Less Noise, More Signal

May 2, 2026 · 2 min read · ♥ 2

My office looks a lot different since starting Rendered.

A selfie in Alton near Post Commons.

The view behind me near Post Commons in Alton, IL one day last week.

I traded a windowless basement with multiple monitors and a full greenscreen studio (cyc wall, 4k cameras, the works) for a MacBook Pro, an iPhone, and my truck.

And honestly? I love it. Between the sunroom at the house, local parks, and spots like Post Commons in Alton near the river bend, I don't struggle for focus or inspiration. Hot coffee, good WiFi, and a calendar that isn’t wall-to-wall meetings. It's amazing how much you can get done when the signal-to-noise ratio shifts in your favor.

The view from the truck outside of Post Commons looking toward the river. Lots of old, brick buildings and a really steep, old Alton street.

Sure, the hills are steep, but look at the view from my parking spot at Post Commons this past week.

My MacBook Pro adorns a wooden round top table at Post Commons.
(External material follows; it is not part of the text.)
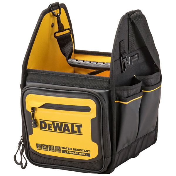 DEWALT DWST60105 Pro Electrician's Tote with 34 pockets, it can carry a wide range of tools and power tool accessories. An IP54 water-resistant welded compartment provides safe storage for important items. Made from high-quality, dirt repellent 1680D fabric. With re-enforced stitching to increase durability and hold its shape over time. Its waterproof injected plastic base protects tools from tough worksite environments. Ergonomic handles and a padded shoulder strap make it easy to carry.

Had to snap a pic of the fresh Retrofit Engineering & Design decal on my laptop at Post Commons and send it to my friend Jesse who owns Retrofit.

And when I get stuck, I drive. Country roads are my muse. Time to take in some beauty, think, pray, and sort things out. Sounds like a waste of time when a hundred things are screaming for my attention, but it's the opposite. It's how I reset.

Hard season. Necessary season. Good season.

This is Rendered.

Continue reading: Less Noise, More Signal

Starting from Zero

Apr 16, 2026 · 1 min read · ♥ 1

It feels strange to go from the channel I started and grew to several thousand followers over the past few years to a fresh, new one for my own company, Rendered.

A screenshot of the channel from my iPhone

The new Rendered YouTube channel is a welcome sight on my phone this morning, after establishing and managing others’ more-established accounts for years.

On one hand, it’s like, “fresh, clean palette,” and on the other hand it’s the beginning of a long process to flesh out the channel with good content and getting it out to as many people as it can possibly help. I’ve got one video banked, with several more on the way, God willing!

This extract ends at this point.